There is no cure or treatment for Sanfilippo Syndrome. It’s not for want of trying. Since the discovery of the condition in 1963, parents and scientists have been working against time to try to find a mechanism to slow, stop, and/or reverse the disease’s effects. However, as with many rare diseases, the money and interest in combatting the condition is limited. Work comes from the grassroots efforts of affected families and dedicated researchers. While the effort and commitment level in these parties is high, the reality is that without large-scale public funding and momentum, many children live and die with no hope of anything other than the standard progression of the disease.
With so many rare diseases lacking official treatments, the hope of many rare disease families comes in the form of clinical trials. They seek out the researchers specializing in the rare condition, talk to them, see if there is any option for clinical trial enrollment. If there is no clinical trial, then the families look to see where the research is at and begin fundraising to help support the current work with the goal of getting the research to a clinical trial point. Largely, they do this work with the hope that their child or family member may be able to participate should a trial come to fruition.
We were no different. Although newly diagnosed and grieving the dreams that we had for our son’s life, we jumped in to trying to wrap ahead around this disease and look for something, anything, we could do to help Will. One of the first things we did was begin to connect with other families. We wanted to know what they knew, to understand the journey they had been taking and that we were just starting. These families quickly became our lifeline. They understood exactly where we were and what we were feeling in a way no one else in our lives could. One family even ended up giving us a chance at life for Will.
Leaving the dentist, root canal over and my mouth as numb as my soul had been for a week, I took out my phone to listen to my voicemail. “Mrs. Byers, this is Dr. – with the University of Minnesota Masonic Children’s Hospital. I’ve heard from another family that your son, Will, is 4-years old and was recently diagnosed with Sanfilippo Syndrome, Type B. I just wanted to let you know that we are currently recruiting for a clinical trial for his condition and have limited spots remaining. Please call me back and let me know if you’d be interested in having your son screened for the trial. Thank you.”

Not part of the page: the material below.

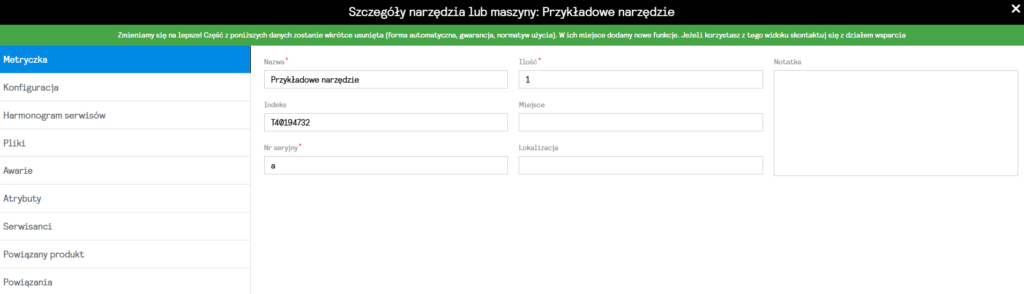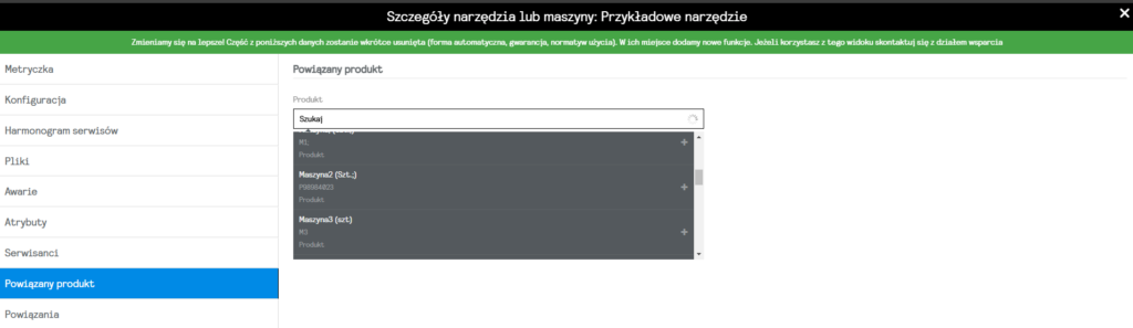 Kolejną funkcjonalnością, która jest efektem prac naszego zespołu nad rozwojem modułu utrzymania ruchu, jest powiązanie produktów z narzędziami oraz maszynami.

My heart stopped and a small seed took root in that stillness and began to grow a feeling I hadn’t felt that week: hope.
The Chance
Our phone call was an oddity – you just don’t get diagnosed with Sanfilippo Syndrome and then get a phone call that same week asking you to come screen for a clinical trial. It was simply the luck of having connected to the right people at the right time. In this case, we had connected with another family screening for a different clinical trial at the same location just as a clinical trial for our son’s subtype of Sanfilippo was actually recruiting for participants. Sanfilippo Syndrome, especially in 2015, had an extremely low number of clinical trials recruiting. And by small, I mean two – 0ne for the more common subtype,Type A and one for the more rare Type B, which is the subtype Will has.

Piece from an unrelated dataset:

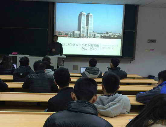 12 月 4 日晚,计算机学院研工组长刘铁江老师召集全院各年级研究生代表,在张江校区 2108 教室,向大家解读《复旦大学研究生奖助方案实施办法(暂行)》的相关内容,并就同学们集中关心的奖学金类别和总额、生活津贴情况以及 14 级直博生相关待遇等做了详细的讲解与说明。

The more likely process for rare disease families is to stalk the clinical trial website daily investigating the listed trials, trying desperately to understand unfamiliar research terminology and gain an unofficial medical degree overnight. You watch for “Active, not recruiting” to change to “Recruiting.” You call and email the clinical trial coordinators and then call and email again when they don’t respond back to you soon enough. Then you have your local doctors call and email on your behalf, hoping they will get a response. You struggle to understand, when your loved one is literally dying a little more every second of every day, how clinical trial administrators can just react without your sense of life-or-death urgency. You curse the very guidelines and bureaucracy that you know are designed to keep participants safe for delaying the one thing that could actually make a difference in your loved one’s prognosis. You see the limited number of spots available and feel guilty about competing with other families facing the same journey you are on while also doing everything in your power to give your loved one a chance. Even here, right at the beginning, you feel the stress of this process. But you also feel invigorated because, in a situation where it seems like you can do nothing to make it better, you are able to do SOMETHING. You made a promise to provide the best care possible and this is how you are going to do it. You double down on your resolve and keep emailing.
And let’s say you make it—you get the call or the email telling you that your loved one is eligible for pre-screening as we did. You are excited but what comes next isn’t easy either. It means putting your child through more bloodwork and having doctors do and send more paperwork until finally you get the go ahead to travel to the trial site for the official screening process. When we were invited to screen, we needed to find childcare for our daughter, take time off of work, and travel across country with a child with special needs. We then had to put our son through more medical procedures along with day-long cognitive and developmental testing. We did this all with the constant reminder that only 11 participants were being admitted into this trial. Would our son be one of them?
The Choice
When going to screen for a clinical trial, there are actually two evaluations happening simultaneously. The first and obvious evaluation is that the clinical trial team is assessing the potential participant to see if the individual meets the criteria to be included in the trial. Second, the participants (and their family) are evaluating the trial to see if it meets their expectations. Or at least they should be.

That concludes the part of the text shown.